Remembrance: Nothing Compares 2 U, Prince

Sometimes it snows in April...

Though Prince was a beloved stranger to me, he is an essential vein in the soundtrack called my life. Losing him to the diamond and pearl skies this past week was akin to losing a family member. While it may seem silly and childish to proclaim as such rhapsodizing plays right into the Internet's predictable act of reenacting the final scenes in Imitation of Life every time a person of star quality dies, but I can't help it. Prince --- his music and his presence --- meant a lot to me, and it's why my eyes are rimmed with purple tears and why it's been difficult to gather the right words...

What always struck me about Prince was his agility to just 'be'. Whatever mood or groove, he was it, and was doing it all on his own terms. He was subtle and as he was flamboyant. He was a political mutineer and a party monster. He was feminine and masculine all in the same look. He was Black and weird without being all 'special snowflake' about it. Throughout his career he shape-shifted before our eyes. He began as a bright-eyed teenage prodigy then turned into a commercial, genre-bending megastar. Later on he leveled off into being a reclusive, somewhat self-indulgent maestro; his final act had him nestle into the role of everyone's cool uncle. He was a sex symbol on most occasions, and well, he even became a symbol in defiance towards record corporations desires to stifle and dictate his creative output. Reinvention and rebellion was the mantra Prince breathed and lived his life by and he was proof positive that you could be all these incongruent things simultaneously and without shame.

His flippancy towards following societal sanctions enthralled me. Growing up in the 1990s, light-bright, fluffy haired, and awkward, with my bookish girlish delicacy not on par with the rise of the cool, street-wise tuffness of the hip-hop movement, seeing Prince in flashback mode rocking ruffled shirts and crop tops, darting across the stage alongside his multi-ethnic bands and proteges, and churning out multifaceted music clued me in that Blackness wasn't exclusive to one look and one set of 'rules'. That it, in fact, ran into various streams and was whatever the hell you wanted it to be. Prince wasn't the only one who taught me how to live in the skin I was in, but his invitation to such an idea was the most provocative and rebellious one that I ever saw --- and it rocked me for the better.

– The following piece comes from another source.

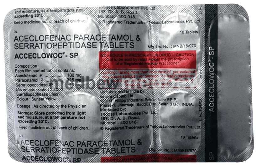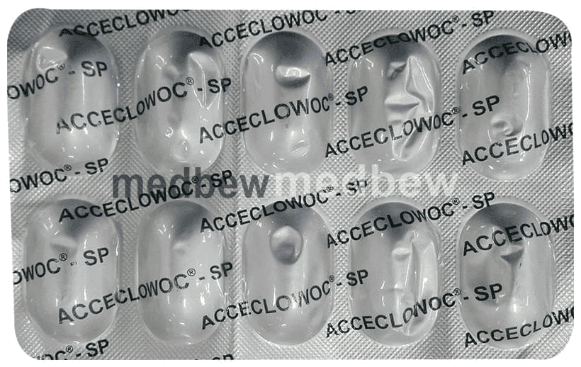 Acceclowoc-SP Tablet is a combination medicine used to relieve pain and swelling in various conditions like muscle pain, joint pain, and postoperative pain. Thus, it effectively alleviates pain and inflammation in conditions like rheumatoid arthritis, ankylosing spondylitis, and osteoarthritis.

Still, the music rocked me harder as it changed and challenged the way I listened, digested, and experienced music. With his guitar wails that summoned up Carlos Santana, and the spirit of Jimi Hendrix, Prince extended the conversations that soul brother James Brown started, while picking up where the slick and social-minded funk of Sly Stone and George Clinton left off. His creation of the Minneapolis Sound was a nod to the Motown era as its sparse funk-rock sound culled a family tree of artists, and curated a soundtrack that the 1980s vibed to and Black American music thrived upon. While he stuck to his funk-rock guns, Prince was often savvy about flipping familiar genres on their heads. It didn't matter if it was jazz, pop, rock, folk, blues, hip-hop, or nursery rhymes, if there was a genre out there Prince and his little smirk lured them all to mutate and recalculate to his liking, his experiments always causing ripples in the pool of popular music.

When it came down to the lyrics, Prince was mighty with the pen and it's his turns of phrase and wicked wit that place him alongside Kate BushJoni Mitchell, and Brenda Russell as some of my favorite musical wordsmiths. He's playful with words, taunt and tart, but he can be a charmer too, weaving lyrics with profound, insightful imagery and narratives that delve into cake layers of subject matters, his most popular being his distinctive explorations into the common bonds of theology, regeneration, and eroticism. Listening to albums like ParadeSign 'O' The Times, and yes, even his seminal Purple Rain, is like conceptual candy for a literary nerd like myself, and it's why a part of me is disappointed that we'll never get to read the memoir he was in the process of penning, because nobody can even begin to delve into such a complex, and enigmatic psyche, except for the man himself.

Most artists today wish they had the conscious clarity and commitment Prince had for his musical vision. It's why his passing weighs heavy on the heart as it's a stinging reminder of how today's music landscape lacks scope and awareness. How we are plagued with acts who never define themselves outside of their influences, or who believe legendary status is something to be bought and bartered with gimmicks and false standing. Too often in my bite-sized writing career, I've written a variation of the lines: "the unmistakable Prince sound" or "so-in-so exudes a Prince-like vocal", and while imprints like that are admirable and unavoidable as Prince's influences are literal oxygen in today's discographies, but there is only one Prince. Only one skinny, sexy little motherfucker from Minnesota who was concurrently talented and bizarre, and who made the eccentric into the essential, and had us all witness a modern-day Mozart in real-time.

We'll never get another one like him, so don't even try to configure a replacement --- that magical, mystical comet has passed.